А уже через мгновение все его мысли были заняты другим.
– Ма-ма-а-а! – услышал он голос Вадьки. «Со стороны озера! – лихорадочно определил Глинский. – Медведь? Кабан? Люди?» Он судорожно нашарил за сиденьем помповое ружье Кузьмы, всегда заряженное картечью, и еще через мгновение буквально летел к берегу. В правой руке, как пушинка, болтался тяжелый помповик.
Не оказалось ни кабана, ни медведя. Совсем рядом, метрах в десяти от берега, в свежепроломленной полынье болтались две головы: Вадьки и Кузьмы. Первым порывом Глинского было броситься к ним. Он ступил на абсолютно прозрачный лед – чистейшая вода Дальнего не содержала никаких примесей, оставаясь прозрачной и в кристаллизованном виде, – мысленно прокладывая наиболее безопасный путь к ребенку.
– Стой! – яростно заорал Кузьма. – Стой, не лезь! Все сдохнем! – Сдабривая речь отборным лагерным матом, он объяснил, что надо делать: в багажнике «Витары» лежал нейлоновый буксирный трос. Умом Глинский понимал его правоту: если лед не выдержал ребенка, то уж под ним-то обломится наверняка. Но бежать к «Витаре», оставив сына в полынье!.. Он буквально оцепенел от страха.
– …твою мать! – бешено заорал Кузьма. – Убьешь сына!
Глинский бросил ружье в снег и отчаянными прыжками понесся к машине.

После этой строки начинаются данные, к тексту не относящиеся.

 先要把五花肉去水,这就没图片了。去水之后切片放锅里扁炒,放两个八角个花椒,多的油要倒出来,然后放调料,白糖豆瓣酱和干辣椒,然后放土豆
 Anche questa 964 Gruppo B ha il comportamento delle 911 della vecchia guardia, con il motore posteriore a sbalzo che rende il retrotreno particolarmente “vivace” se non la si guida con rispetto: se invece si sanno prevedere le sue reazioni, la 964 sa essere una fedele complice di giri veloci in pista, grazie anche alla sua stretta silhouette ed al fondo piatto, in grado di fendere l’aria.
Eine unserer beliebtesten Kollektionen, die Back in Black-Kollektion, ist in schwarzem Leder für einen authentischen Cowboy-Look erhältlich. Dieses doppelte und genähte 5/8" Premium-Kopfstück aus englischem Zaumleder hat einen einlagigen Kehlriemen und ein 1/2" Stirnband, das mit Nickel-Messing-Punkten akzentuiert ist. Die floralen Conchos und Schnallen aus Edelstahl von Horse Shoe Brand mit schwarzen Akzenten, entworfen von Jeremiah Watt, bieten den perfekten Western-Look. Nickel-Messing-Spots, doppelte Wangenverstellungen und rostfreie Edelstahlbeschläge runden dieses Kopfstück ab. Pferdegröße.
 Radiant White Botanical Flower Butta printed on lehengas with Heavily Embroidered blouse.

К счастью, тросик – нейлоновый фал – был сверху и оказался достаточно длинным. Глинский, не ступая на лед, метнул трос – металлическим карабином вперед – в сторону терпящих бедствие. Карабин, как наконечник копья, потащил фал за собой по гладкому льду. Когда он вытянулся во всю длину, Глинский с ужасом понял, что не хватает каких-нибудь двух метров.

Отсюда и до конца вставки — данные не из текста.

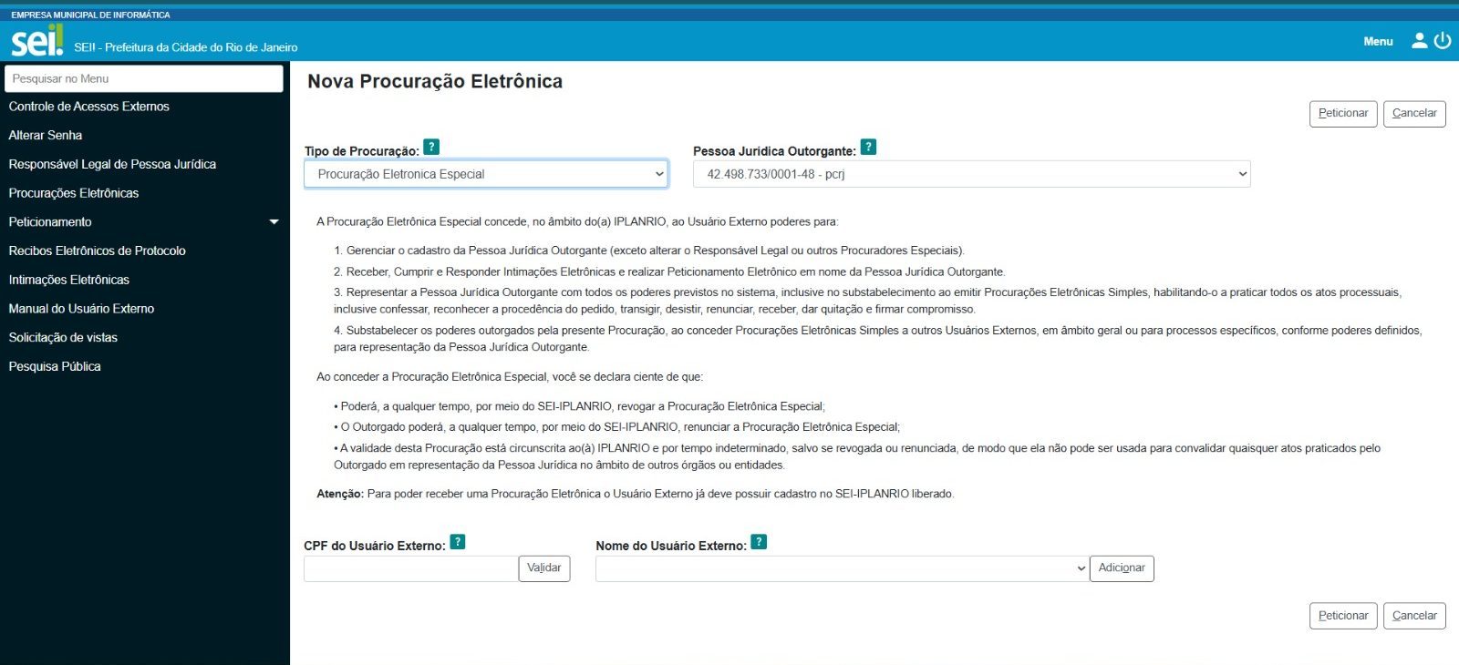 Tela inicial de controle de acessos externosAlterar senhaVinculação com uma pessoa jurídicaProcurações eletrônicas especiais e simplesPeticionamento de processo novo e peticionamento intercorrenteRecibos eletrônicosConsultar e responder uma intimação eletrônicaProcurações eletrônicas especiais e simples

– Ложись, сука! – заорал Кузьма, поняв, что Глинский собирается ступить на лед. И он опять был прав. Отмелей на Дальнем озере не было, обрыв шел сразу от берега. Глинский смотал трос, лег на берег и медленно сполз на лед.
Вадька больше не орал. В голове все тупо перемешалось, но Глинский медленно и по-звериному ловко полз вперед. Когда прополз, на его взгляд, достаточно, осторожно размахнулся и направил трос в сторону сына.
– Есть! – услыхал он крик Кузьмы. Глинский и сам почувствовал, что попал, по натяжению троса.
Преодолевая сопротивление на том конце, он медленно, не разворачиваясь, пополз назад, помогая себе коленями и локтями. В какой-то момент движение застопорилось, и он понял: чтобы выдернуть ребят, ему не хватает опоры. На мгновение отчаяние залило сознание. Но Вадька снова вскрикнул, и Глинский решился на акробатический трюк: опершись на руки и максимально высоко задрав обе ноги, он сумел уцепиться за довольно толстый сук, низко нависавший над льдом. Если б не Вадька в ледяной воде, он бы, наверное, улыбнулся, представив себе дородного мужика, ногами обнявшего ветку, а носом бороздившего лед. Но ему было не до улыбок, тем более что согнутую назад поясницу прострелила острая боль.
Глинский зацепил фал за свой собственный ремень и, по-звериному зарычав, оттолкнулся от льда руками. Если бы не добавочное усилие ног, этого было бы недостаточно. Но страх за сына и гимнастическое прошлое сделали свое дело: натяжение на том конце фала сначала выросло, потом ослабло, а потом стало ровным. И даже боль в спине отпустила, не дойдя до приступа.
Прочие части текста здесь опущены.